# Stacking Test-Sklearn, XGBoost, CatBoost, LightGBM

참고 : https://www.kaggle.com/eliotbarr/stacking-test-sklearn-xgboost-catboost-lightgbm/code

In [1]:
import pandas as pd
import numpy as np
from scipy.stats import skew

import xgboost as xgb
from sklearn.model_selection import KFold
from sklearn.ensemble import ExtraTreesClassifier
from sklearn.ensemble import RandomForestClassifier
from sklearn.metrics import mean_squared_error
from sklearn.linear_model import LogisticRegression

from math import sqrt
from sklearn.metrics import roc_auc_score
from sklearn.model_selection import KFold
from catboost import CatBoostClassifier
from lightgbm import LGBMClassifier
import gc

NFOLDS = 3
SEED = 0
NROWS = None

In [2]:
data = pd.read_csv('../input/application_train.csv')
test = pd.read_csv('../input/application_test.csv')
prev = pd.read_csv('../input/previous_application.csv')

In [3]:
categorical_feats = [f for f in data.columns if data[f].dtype == 'object']

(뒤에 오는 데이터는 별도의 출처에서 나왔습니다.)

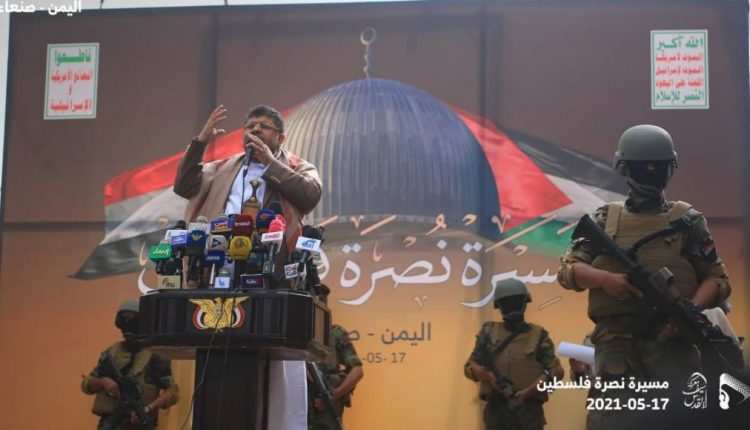 محمد علي الحوثي وفي كلمة له اليوم الاثنين، في المسيرة الجماهيرية الكبرى التي خرجت بالعاصمة صنعاء نصرة للشعب الفلسطيني ، قدم عرضا لقوى العدوان بأن تتوقف كل الجبهات وأن يتوقف العدوان ، مقابل ذهاب قوى العدوان إلى فلسطين وتحرير القدس بطائراتهم وأسلحتهم .. مضيفا ” لن نعتدي ولن نتحرك قيد انملة واذهبوا لتحرير فلسطين واذا كمنتم بحاجة الينا فنحن حاضرون الى جانبكم “.. موضحا أن ذلك من أجل أن نكون في الموقف الصحيح وأن يضرب الطيران الحربي للعدوان في المكان الصحيح.

for f_ in categorical_feats:
    data[f_], indexer = pd.factorize(data[f_])  # 범주를 정수로 인코딩
    test[f_] = indexer.get_indexer(test[f_])  # indexer에서 test[f_]의 인덱스를 찾음. 없으면 -1 반환    

In [4]:
gc.enable()

y_train = data['TARGET']
del data['TARGET']

In [5]:
# 팩터화된 범주 평균화
prev_cat_features = [f_ for f_ in prev.columns if prev[f_].dtype == 'object']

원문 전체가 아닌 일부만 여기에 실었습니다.